By Daniel at 27 January, 2010, 9:54 pm
--------------------------------------------------------------------------------------
--------------------------------------------------------------------------------------
The Real Reason Banks Aren’t Lending Will Shock You
“A California Banker” writes to Mish, giving yet another reason why banks aren’t lending:
If you’re a bank with a relatively healthy balance sheet with adequate capital, (like us)you want to maintain surplus capital in order to stay on the FDIC’s list of banks they can transfer the loans and deposits from a failed institution into.
This is a home run for the acquiring bank and far more of an instant benefit than any new lending.
The problem here is that healthy banks end up competing with each other to have the largest capital surplus and therefore the greatest chance of being anointed in this manner by the FDIC. If everybody was lending, the FDIC would still have to place failed banks’ assets and deposits with someone. But instead we get the opposite corner solution, where nobody is lending — except, presumably, for banks which are close to failure and need all the interest income they can get. I wonder whether the FDIC has anybody thinking about how to counteract this syndrome.

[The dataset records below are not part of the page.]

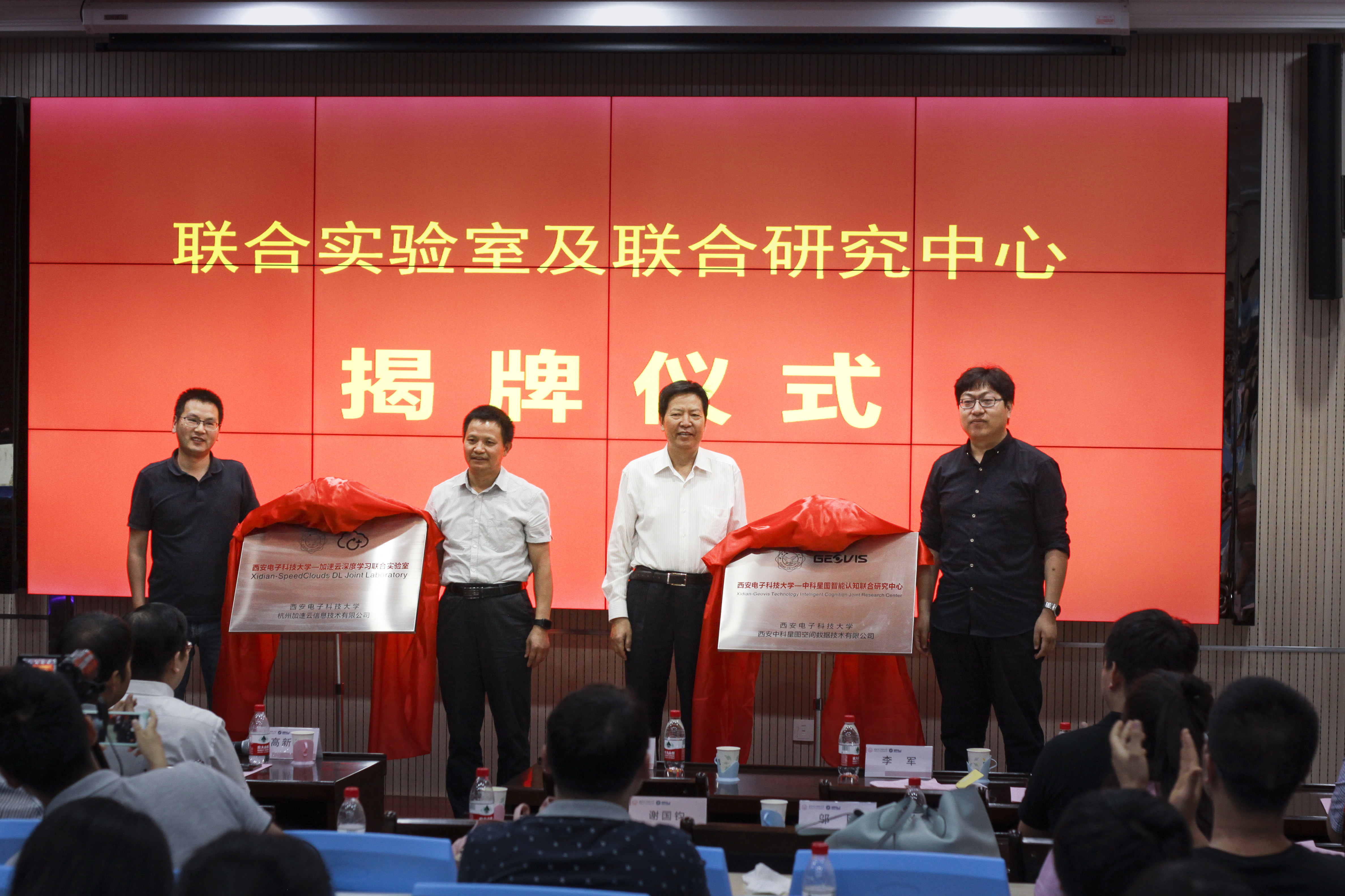 此外,AWC万象城娱乐-北斗军民融合联合研究中心、AWC万象城娱乐-蒜泥人工智能研究院、AWC万象城娱乐-加速云深度学习联合实验室及AWC万象城娱乐-中科星图智能认知联合研究中心也正式揭牌,陕西北斗金控信息服务公司董事长李卫斌、西安蒜泥科技有限公司创始人杨少毅、谢雯雯、杭州加速云信息技术有限公司CEO邬刚、西安中科星图空间数据技术有限公司总经理谢国钧出席了仪式并揭牌,电子工程学院院长廖桂生致辞祝贺。
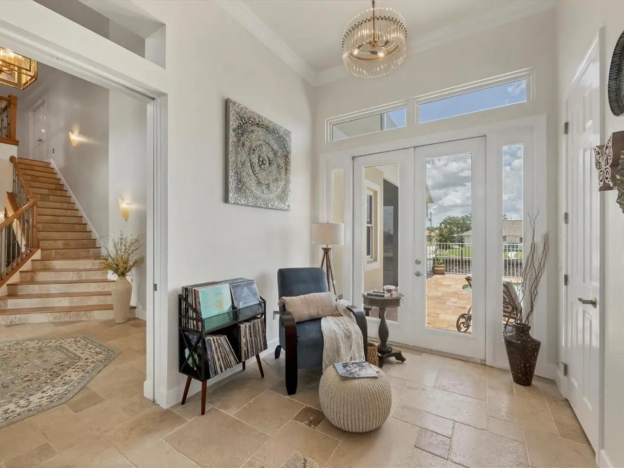 20-ft soaring foyer with sweeping staircase
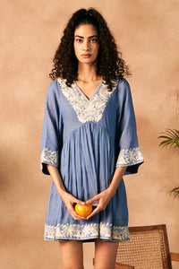 Featuring Kashmir Vogue Chambray Dress from Hargulbano's GuleBahar Collection, this cotton chambray dress blends everyday ease with elevated charm. Fully lined and flowing in a serene chambray hue, it’s designed for graceful movement and effortless sophistication.

The FDIC system of liquidating banks by selling their assets to other banks seems to be fostering credit contraction. On the other hand, so does letting a bunch of banks fail.
http://www.businessinsider.com/the-real-reason-banks-arent-lending-will-shock-you-2010-1
--------------------------------------------------------------------------------------
--------------------------------------------------------------------------------------











No comments yet.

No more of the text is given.